Based on Wally Lamb’s eponymous 1998 novel, (900 pages long with more horrid things happening to the Birdsey boys, which thankfully have been left out of the mini-series) I Know This Much is True opens with a horrific scene in a public library. Thomas, a paranoid schizophrenic who has been in and out of mental institutions, quotes the Bible and chops off his hand — why a library when people already do not read?

I Know this Much is True
  • Season 1
  • Episodes: 6
  • Run time: 62 minutes
  • Director: Derek Cianfrance
  • Starring: Mark Ruffalo, Melissa Leo, John Procaccino, Rob Huebel, Michael Greyeyes, Gabe Fazio, Juliette Lewis, Kathryn Hahn, Rosie O'Donnell, Archie Panjabi

The show follows 41-year-old Dominick’s attempts to get Thomas out of the maximum security facility where he is incarcerated. I Know This Much is True also goes back and forth in time to the twins’ difficult childhood with an abusive stepfather, a cowed-down mum, Dominick’s difficult marriage to Dessa, his college sweetheart and his fraught relationship with present girlfriend Joy (Imogen Poots), who is unable to handle Dominick’s mood swings and devotion to his brother. Dominick’s grief, guilt and rage of simultaneously wanting to be free of his brother and his fierce loyalty to Thomas runs like an angry, red wound through the show.

In midst of all the toil and turmoil is Dominick’s attempt at figuring out his roots. He hopes for answers from his Sicilian grandfather’s memoirs, which he gets translated from Italian by Nedra. Even though Nedra tells him not to read the memoir, there is no great big reveal apart from the fact that grandpa Tempesta was not a very nice man.

The story of roots, race, fathers, sons, brothers, guilt and suffering is told through Dominick’s eye. The tight close-ups show us Dominick’s tortured soul in every line, crack and crevice of his face. Set in the 90s, in Three Rivers, Connecticut, the constant rain and dark palette echo the grim mill town.
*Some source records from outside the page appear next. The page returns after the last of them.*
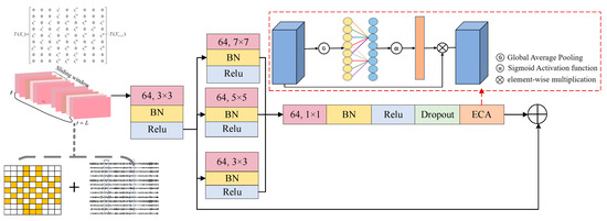Next, the ECA is used to intelligently fuse the two-branch features to further refine the feature set with high representativeness and discriminant power, and the specific process can be formalized as follows: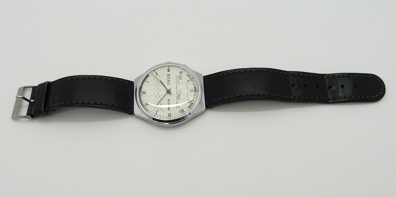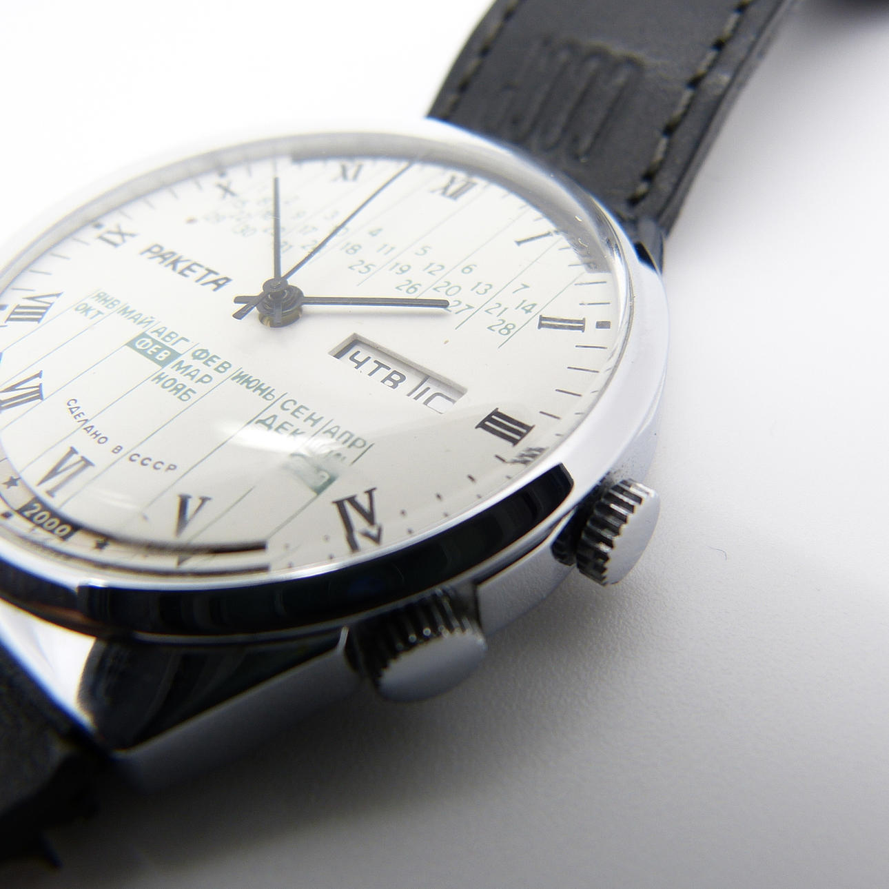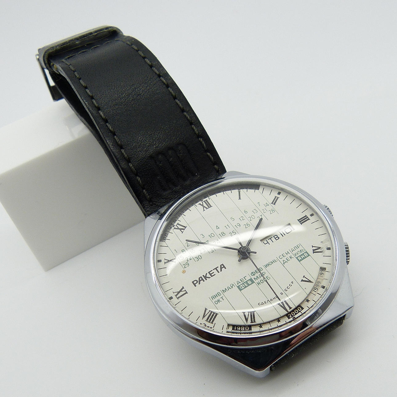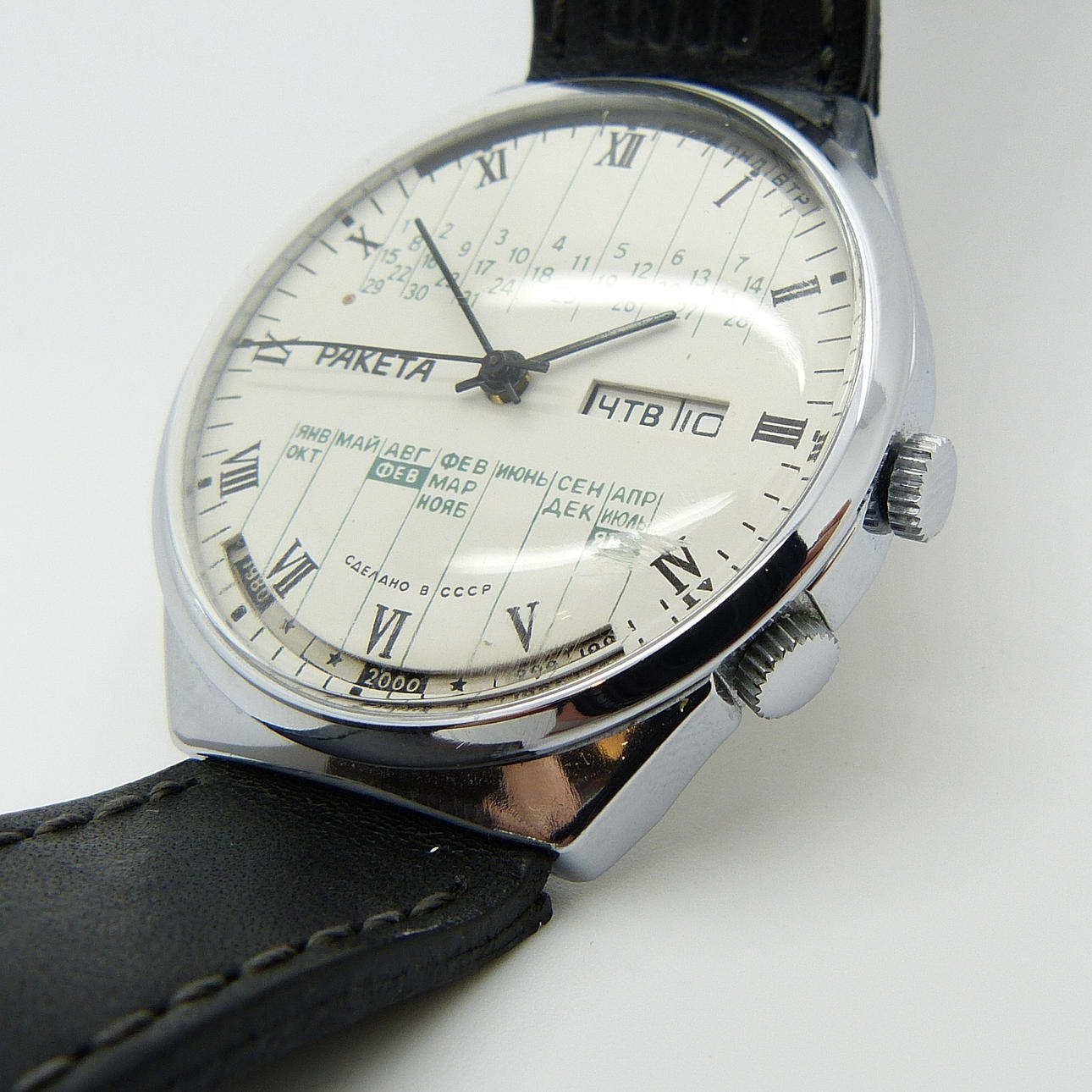 • Herrenuhr • Herkunftsland: CCCP / UdSSR / Russland • Gehäuse: Edelstahl • Armband: Originalleder • Uhrwerk: Manuell, aufziehbar • Anzeige: Analog und Datumsfenster • Chromo: Ja • Ziffernblatt: Weiß mit Blau/Grün Beschriftung • Zifferblatt: römische Zahlen, schwarz • Zeiger: schwarz, schmal • Gehäusedurchmesser: ca. 40 mm • Armbandbreite: ca. 20 mm Gesamtgewicht: 62,1 Gramm.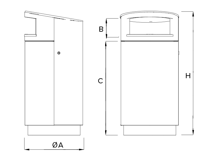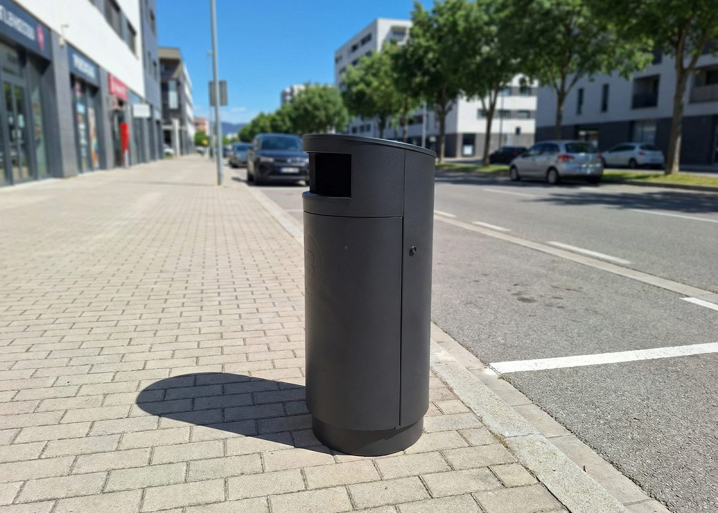 Gran robustez a causa del grosor de la chapa y al esqueleto estructural reforzado. Cierre con clave triangular estándar. Entrada de basura con apertura de 210° que permite el fácil acceso desde tres direcciones diferentes, así siente óptimo para instalar junto a paredes u otros elementos verticales. El sombrero protege el interior de la papelera del viento y la lluvia.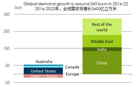 在供應方面,美國現在已經是世界上最大的天然氣生產國,美國目前的增長速度也是全球最高的,到2022年,美國將占全球產量增長的40%。此外,中東地區產量將繼續增長;中國也將成為第四大天然氣生產國。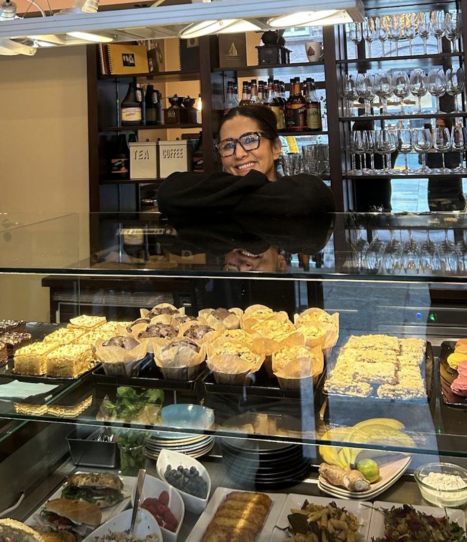 „Ich mag nichts, was mit der Zeit abläuft. Ich mag zeitlose Sachen“, sagt die 50-Jährige. Deshalb gibt es hier keinen Matcha und andere Foodtrends, stattdessen zeitlose Klassiker. „Ein Blueberry Muffin bleibt ein Blueberry Muffin. Das hast du vor 20 Jahren bekommen, das kriegst du auch in den nächsten 20 Jahren. Ich möchte Nachhaltigkeit und Zeitlosigkeit bewahren und nicht das, was jetzt gerade in ist, weil das kann morgen aus sein“, fügt sie hinzu. Selbst die Möbel, das Logo und sogar die Fensteraufschrift haben sich seit der Eröffnung vor 25 Jahren nicht verändert. Alles sieht noch so aus wie damals und wirkt trotzdem wie neu. Die Polster wurden erneuert, die Dinge gepflegt, nicht ersetzt.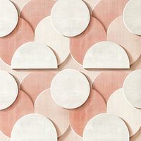 Modern abstracte afbeelding in organische en ronde vormen met diepte in de kleurstelling wit, beige, terracotta en roze. Mooie diepte die surrealistisch aandoet. Textiel gebruik in de vormen. Passend bij diverse stijlen en trends, waaronder modern abstract, abstract, terracotta,koraal. Artist: Bianca ter Riet

At a time when everyone revels in nostalgia, this show stubbornly looks at history with grimy glasses. One only feels relief at not having to deal with boxy computers, the dial up phones and other props of the era. There are no rose-tinted glasses for MTV, Vietnam, the Beat generation or the swinging 60s.

If one is looking to the movies to escape our comfortingly commonplace lives, I Know this Much is True is most definitely not the ticket. To the argument that it works as a showcase of actors’ craft, there are other ways of enjoying that without having our souls sucked out.